Research: A novel model of extraction of data from the deep web
With the rapid development of modern society, people’s need for information interaction is surging with the advent of the internet. With the help of the world wide web, information can disseminate quickly, and the forms through which information may be shared are increasing, including documents, pictures, audio clips, videos, hyperlinks, forms, and many more.
The surged demand for web information extraction technologies and the in-depth study of associated research work have fueled the development of deep web information extraction technology. Presently, various forms of deep web information extraction methods and tools have been developed.
Even though most of these tools and systems utilize web page wrappers to obtain structured data within a data source, the methodologies used and the fields of research involved are not the same. According to the principle of the method of identification and location of user’s data within web pages, various types of web information extraction systems and related technologies have been classified. The main types are: ontology based extraction, NLP based extraction, location based extraction, web query based information extraction, and wrapper modeling based extraction.
Nevertheless, most of the current methods applied for extraction of deep web data do not consider the domain requirements. On the other hand, a considerable amount of useful field data is stored in the background database, which belongs to hidden deep data, and requires continuous query and extraction. Motivated by this, a recently published paper analyzes the methods of extraction of web data entities based on domain knowledge. Moreover, the paper proposes a topic-oriented extracting model in order to obtain in-depth information on the domain web pages. The paper also designed a sorting classification extraction algorithm for numerical data. Throughout this article, we will overview the model proposed via this paper.
Domain Topic Extraction Model and search approach:
The domain topic extraction model presented via this paper has been improved on the basis of a generic deep web crawler model. The flowchart of the extraction model presented in this paper is shown in Figure (1). Compared with the used general deep web crawler model, the domain topic model developed has two more modules: the candidate URL priority calculation module and the page topic relevance calculation module.
The page topic relevance calculation module can filter the saved pages as per the relevance of the queried pages and topics. Whenever the relevance of the page to the topic exceeds the predefined threshold, the page’s candidate URL is extracted and fed into the candidate URL priority calculation module. The rules of calculation are as follows: whenever the candidate URL is relatively related to the topic, it is inserted in the front of the queue, the opposite is inserted into the back of the queue or is otherwise discarded.
Figure (1): Flowchart of the topic extraction model
If the relevance of the page to the queried topic is lower than the predefined threshold, the web page is discarded, and the candidate URLs present in the web page does not need to be extracted and prioritized.

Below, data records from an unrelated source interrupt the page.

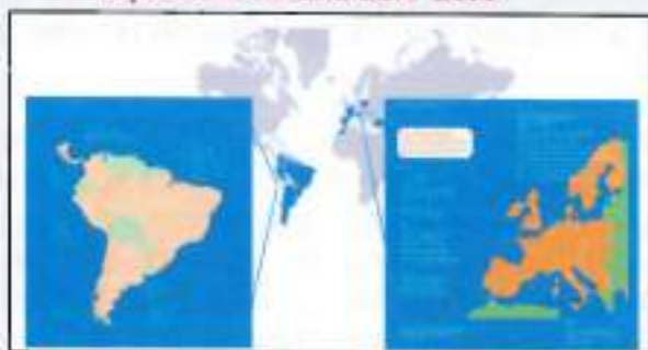
Expansión de ENDESA 2006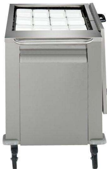
Sistema distribuzione pasti

Carrello sollevatore chiuso per vassoi/ceste - 550x550mm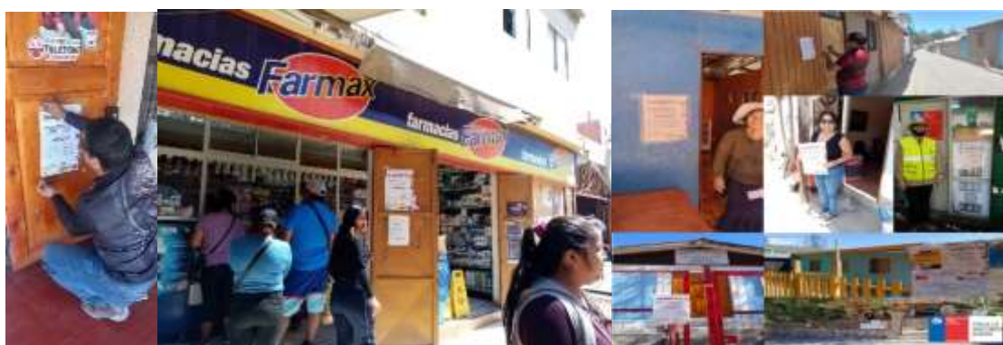
Registros fotográficos trabajo en terreno, difusión del proceso, equipo SEREMI MMA

A lo anterior, se suman otras acciones conducentes al éxito en el desarrollo de las actividades tales como solicitudes de colaboración, coordinación de reuniones u otros relacionados con temas operativos de cada instancia.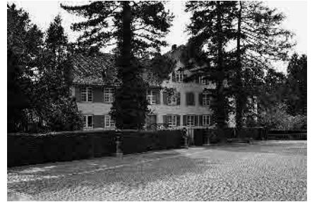
72 Alter Wenkenhof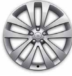
23" MIT 5 DOPPELSPEICHEN (STYLE 5135) 3 SPARKLE SILVER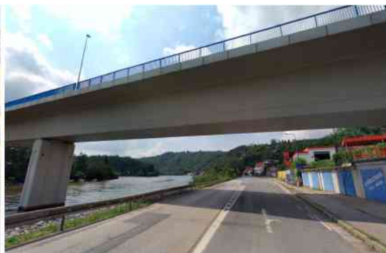
Zpracoval Pavel Špaček 1/2023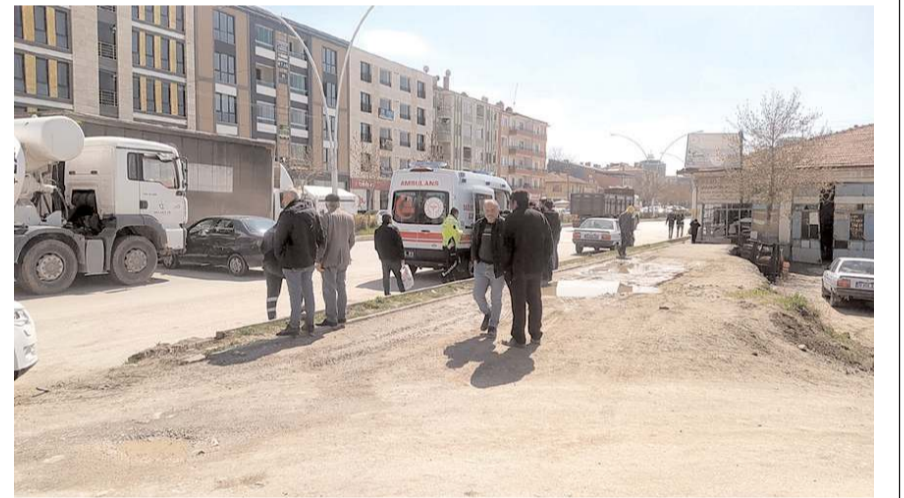
Yaralanan sürücüyü ilk müdahaleyi olay yerinde 112 acil sağlık ekipleri yaptı.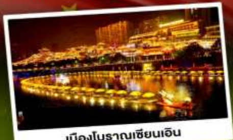
เมืองโบราณเวียงเ็น

Accordingly, it can be proven that these two modules can directly affect the quality of crawled pages.
The best priority extraction approach:
Best-first search can be considered as an improvement over BFS. An essential principle of the best priority depends on the evaluation letter. An essential principle of the best priority is to continuously search for the path that is associated with lowest cost based on the evaluation result of the evaluation function. During the search process, the path associated with the lowest possible cost is eventually identified via continuous giving up of the costly path.
The topic crawling model, via means of the best priority strategy, preserves a URL priority to be crawled throughout the crawling process. Rank queues choose high priority URLs from the queue for web page download in order to analyze and calculate these pages. Links are prioritized, and then the URL priority queue is inserted in order to be crawled according to their priority levels. This process is repeated until the priority queue is empty or the termination condition is otherwise reached. Links’ priority depend on the relevance of the web page and the associated theme, and web pages with high topic relevance are usually preferentially crawled. As such, topic crawling models are usually climbed via means of optimal priority strategies. Nevertheless, this strategy also has the following features: the URL priority queue space to be crawled is relatively limited, and it is preferred throughout this queue. The highest-level URL is only temporary and is not necessarily associated with a highest global priority, so some of the deep relevance to the topic layer web pages may be discarded. The bottom line is that the Best-First Policy represents a simple and efficient best-first search strategy.
Compared with the general deep web crawler model, the domain topic extracting model boasts the following advantages:
– The domain topic extracting model utilizes the optimal priority search strategy rather than the common BFS strategy, due to the fact that the BFS does not always consider the domain requirements.
– The general model does not care about the net chastity’s content, while the domain topic model extracts the useful data associated with the target theme.
– The general model collects a large number of web pages no matter whether or not they are used, yet the domain topic extracting model avoids downloading unrelated pages.
This research study introduces a domain topic model for extraction of domain deep web data. This model involves two more modules, which are designed to filter saved pages on the basis of their relevance and target topics. Also, the paper proposes an optimal priority search strategy that has been proven to be better than the commonly used BFS searching strategy. More studies are needed to test the proposed models to prove their efficiency in extraction of deep web data.